Historic house in Idaho, United States

The H.A. Schmelzel House in Boise, Idaho, United States, is a 1 1/2-story bungalow designed by Tourtellotte & Co. and constructed in 1906. It features Colonial Revival details, including flared eaves and an offset porch. First floor walls are veneered with random course sandstone, and front and side gables are covered with square shingles. Square shingles also cover the outer porch walls. The house is considered the first example of a bungalow in the architectural thematic group of John E. Tourtellotte. It was added to the National Register of Historic Places in 1982.

==Henry and Elizabeth Schmelzel==
Henry A. Schmelzel was an electrician employed by the Capital Electric Light Company from 1888 until 1908, and his last years with the company were spent as superintendent of the power plant at Horseshoe Bend.

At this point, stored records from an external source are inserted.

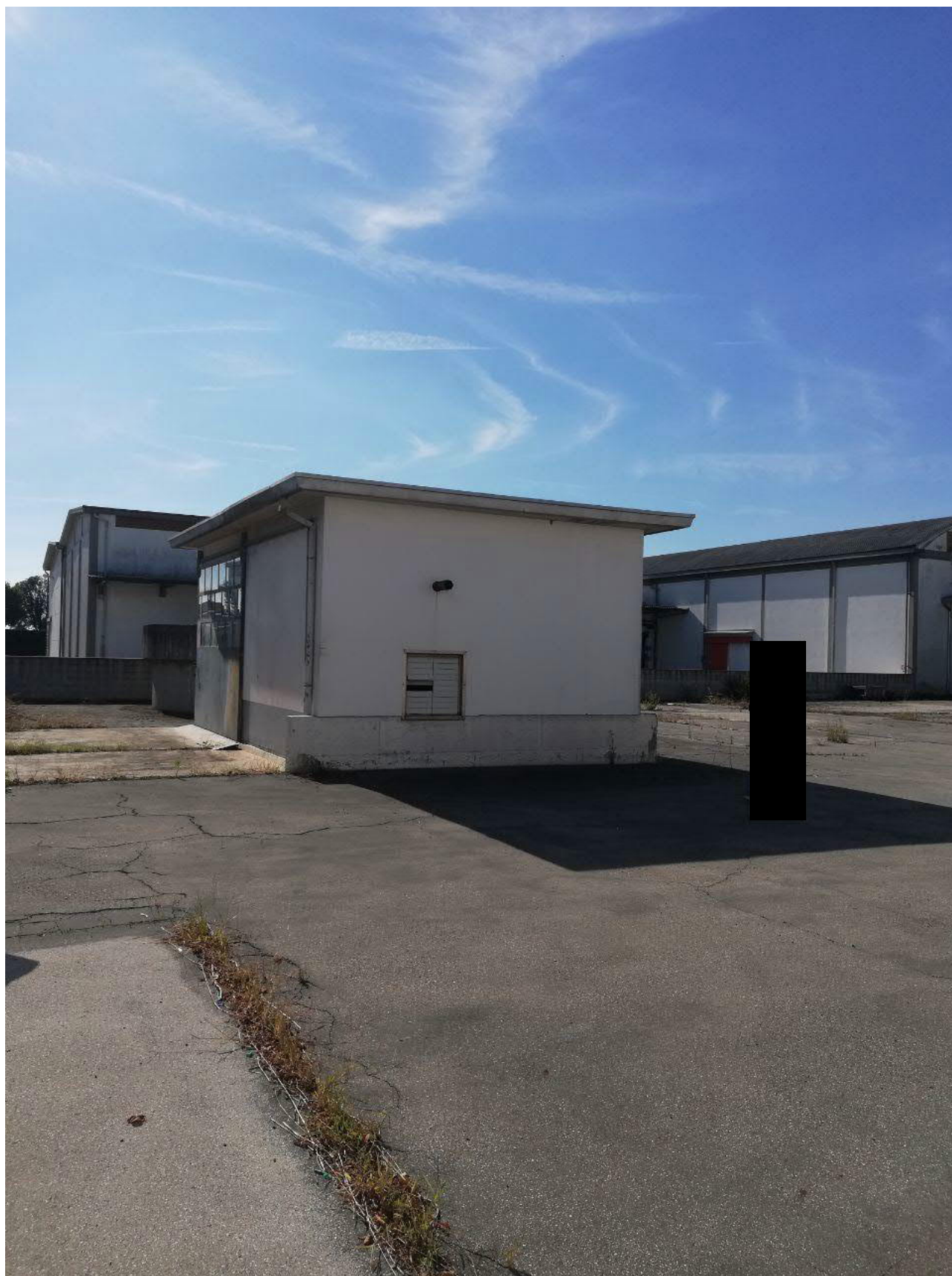
Figura 17 GRUPPO ELETTOGENO
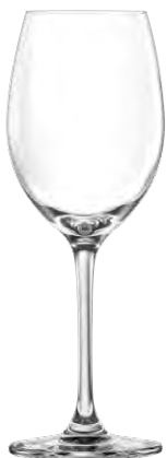
Riesling glass / Rieslinglas / Verre à Riesling / Copa de Riesling / Calice da Riesling
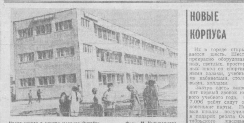
Новая школа в центре массива Октябрь.

Разговор о профориентации — сейчас в почете для всех школ Чиланзарского района. Изучается и распространяется напольный спорт, планируется открытие новых кабинетов, кружков, где бы ребята могли заниматься конкретным делом. Школа № 79 специализированная. Здесь наравне с традиционными дисциплинами ребята осваивают автоспорт. Недавно они получили легковую и грузовую машины для прохождения практикантов. А в школе № 83 готовят швей. Сюда ребята приходят из детских садов и яслей. Работой юных мастериц детские учреждения очень довольны. По окончании производственных школ ребята получают удостоверения, которые дают им право работать на том или ином предприятии, заводе, фабрике. А затем и повышать свою квалификацию.
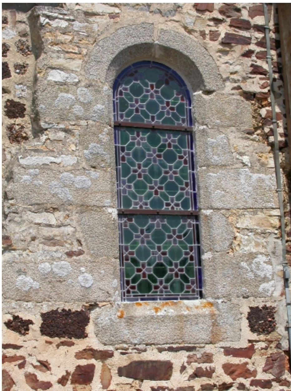
Baie façade sud

While the Schmelzels continued to live outside of Boise, Elizabeth (McGee) Schmelzel purchased property for the H.A. Schmelzel House from William Myers in 1904, and she ordered design plans from Tourtellotte & Co. in 1906. Although the H.A. Schmelzel House was constructed for the Schmelzels, it was rented to Mr. and Mrs. William Puckett until the Schmelzels moved from Horseshoe Bend in 1908.

After retiring from Capital Electric Light, Henry Schmelzel became Boise's first building inspector in 1908. While inspecting the Dime Theatre, Schmelzel became interested in movie theaters, and he opened the Boise Theatre in December, 1908, with partner C.C. Pyle.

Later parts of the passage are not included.